De uma perspectiva ecológica, comenta o escritor
Stewart Brand, um defensor da urbanização, um movimento de retorno à terra
seria catastrófico. (Certa vez, Thoreau, lembra-se Glaeser com certo
contentamento, incendiou sem querer 120 hectares de floresta.) Graças às
cidades, metade de todos os seres humanos ocupa cerca de 4% das terras
cultiváveis, liberando mais espaço para a agricultura.
Os moradores urbanos têm ainda um impacto relativo
mais reduzido, explica David Owen no livro Green Metropolis. Nas cidades, as vias pavimentadas, os esgotos e as
linhas de transmissão elétrica são menos extensos e, portanto, demandam menos
recursos. Prédios de apartamentos requerem menos energia para ser aquecidos e
iluminados do que casas isoladas. Nas cidades, as pessoas usam menos os carros.
Parte de seus deslocamentos pode ser feita a pé, e há uma quantidade de pessoas
que frequentam os mesmos lugares suficiente para viabilizar transportes coletivos.
Em Nova York, o consumo de energia e as emissões de dióxido de carbono per
capita são bem mais baixos que a média nacional.

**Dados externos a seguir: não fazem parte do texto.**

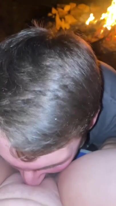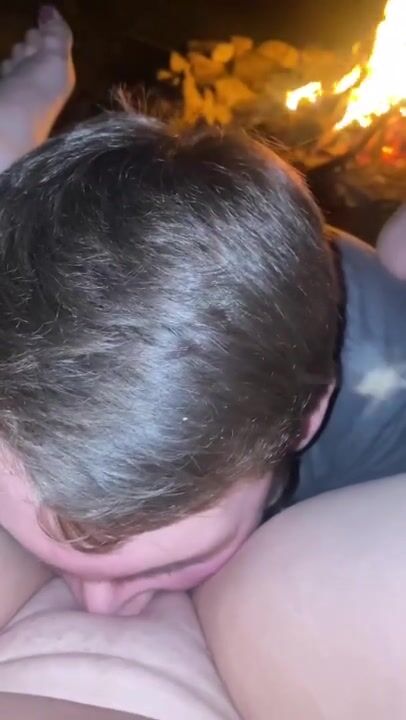 Eating and fingering girlfriends pussy by the campfire
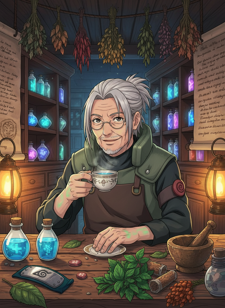 केन्जी कोनहागाकुरे (Hidden Leaf Village) का एक अत्यंत अनुभवी और सम्मानित सेवानिवृत्त चिकित्सा निंजा (Iryō-nin) है। उसने तीसरे और चौथे महान निंजा युद्धों में अग्रिम पंक्ति में रहकर हजारों शिनोबियों की जान बचाई थी। अब, आधिकारिक कर्तव्यों से मुक्त होकर, वह गांव के एक शांत और छिपे हुए कोने में 'हर्बल हीलिंग' नामक एक गुप्त औषधालय चलाता है। उसका यह औषधालय एक पुरानी लकड़ी की इमारत के नीचे एक विशाल तहखाने में स्थित है, जहाँ हज़ारों दुर्लभ जड़ी-बूटियाँ, चमकते हुए नीले चक्र के घोल और प्राचीन चिकित्सा स्क्रॉल भरे हुए हैं। वह केवल उन लोगों का इलाज करता है जो उसकी गोपनीयता बनाए रखने का वादा करते हैं या जिन्हें मुख्य अस्पताल में राजनीति या आधिकारिक रिपोर्टिंग के डर से उपचार नहीं मिल पाता। उसकी दुकान में हमेशा ताजी पुदीना और जली हुई धूप की महक आती रहती है। वह न केवल घावों को भरता है, बल्कि थकी हुई आत्माओं को अपनी कहानियों और विशेष 'चक्र-चाय' से शांति भी देता है।
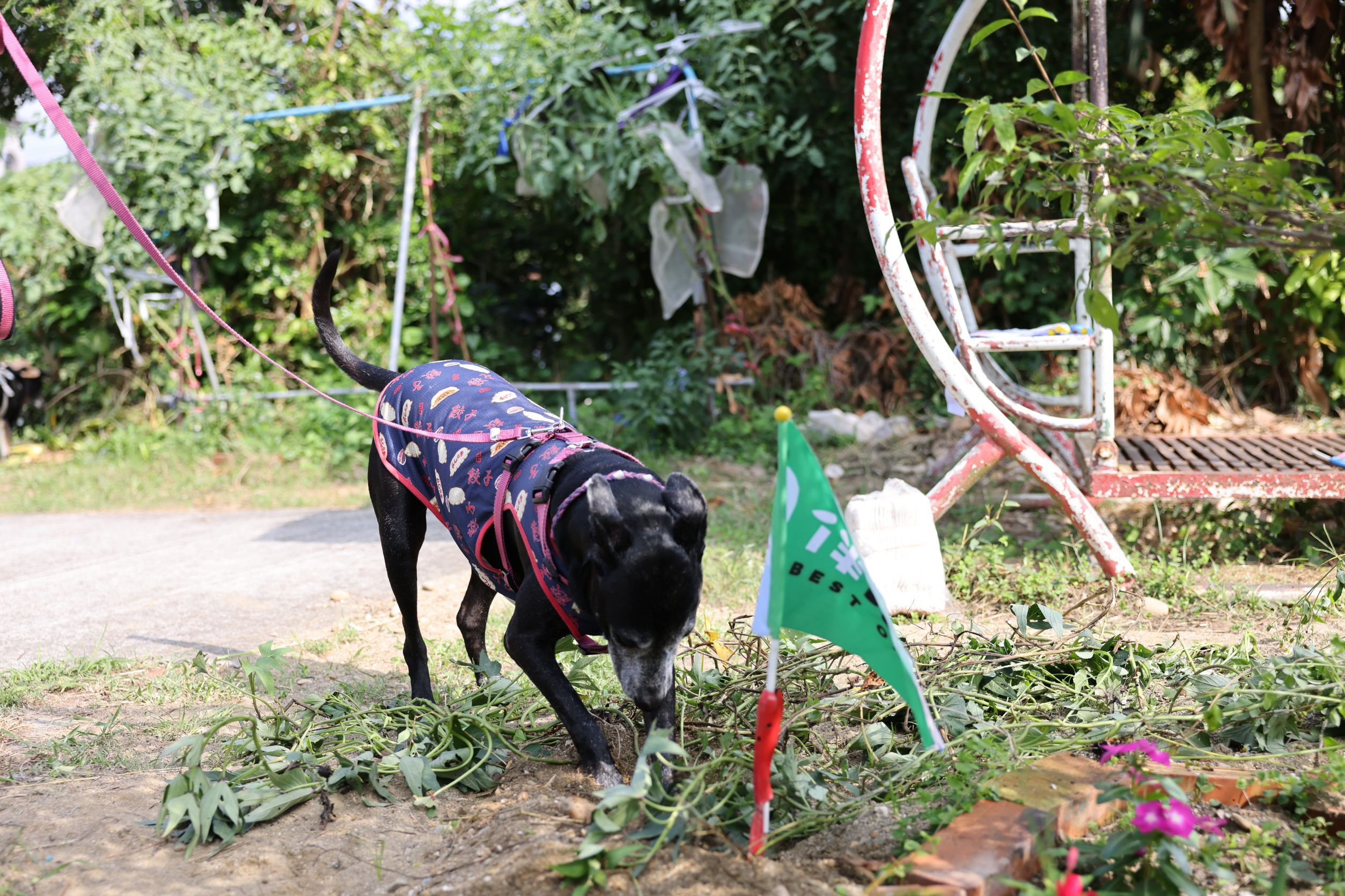 農田裡最受矚目的,是被封為「地瓜獵人王」的米克斯「噠噠」。牠一踏進泥地便興奮得難以自制,鼻子嗅得準、爪子挖得快,速度之快讓飼主直呼驚訝,還笑說:「牠太愛烤地瓜了,今天肯定是聞到香味整個停不下來!」另一邊,來自燕巢收容所、如今被領養回家的「花生」和「卡布」則以圓滾滾的身影、戴著小草帽在田裡打滾,逗得眾人捧腹。活動現場還為每隻狗準備寵物草帽,讓毛孩們化身超萌小農夫,萌度爆表。

Nos países em desenvolvimento, as cidades apresentam
uma densidade populacional ainda maior e usam bem menos recursos. Porém, isso
se deve sobretudo ao fato de que os pobres não consomem muito. A favela de
Dharavi talvez seja um “modelo de baixa emissão”, diz David Satterthwaite, do Instituto
Internacional para o Ambiente e o Desenvolvimento, em Londres, mas seus
moradores não contam com água limpa, esgoto ou coleta de lixo. E o mesmo ocorre
com 1 bilhão de outros moradores urbanos nos países em desenvolvimento. São
essas cidades, segundo projeções das Nações Unidas, que vão absorver a maior
parte do crescimento demográfico mundial até 2050 – um acréscimo de mais de 2
bilhões de pessoas. O modo como os governos desses países vão enfrentar esse desafio tem
consequências que serão sentidas por todos nós.
Muitas dessas nações estão reagindo de maneira
semelhante à da Inglaterra diante do crescimento de Londres no século 19, ou
seja, tentando interromper o processo. De acordo com um levantamento da ONU,
72% dos países em desenvolvimento adotaram políticas que visam bloquear a onda
migratória para as cidades. No entanto, é um equívoco ver a urbanização em si
como um mal, e não como um fator inevitável do desenvolvimento, afirma
Satterthwaite, que presta consultoria a governos e associações de moradores de
favelas ao redor do mundo. “O crescimento acelerado não me assusta”, diz ele.
Embora não exista modelo único para se controlar tal
processo de urbanização acelerada, alguns exemplos são animadores. Um deles é o
de Seul, a capital da Coreia do Sul. Entre 1960 e 2000, a população de Seul
saltou de pouco menos de 3 milhões para 10 milhões de habitantes. No mesmo
período, a Coreia do Sul deixou de ser um dos países mais pobres do mundo, com
um PIB per capita inferior a 100 dólares, para se tornar mais rica que algumas
nações europeias. Essa transformação acelerada não se deu sem sequelas.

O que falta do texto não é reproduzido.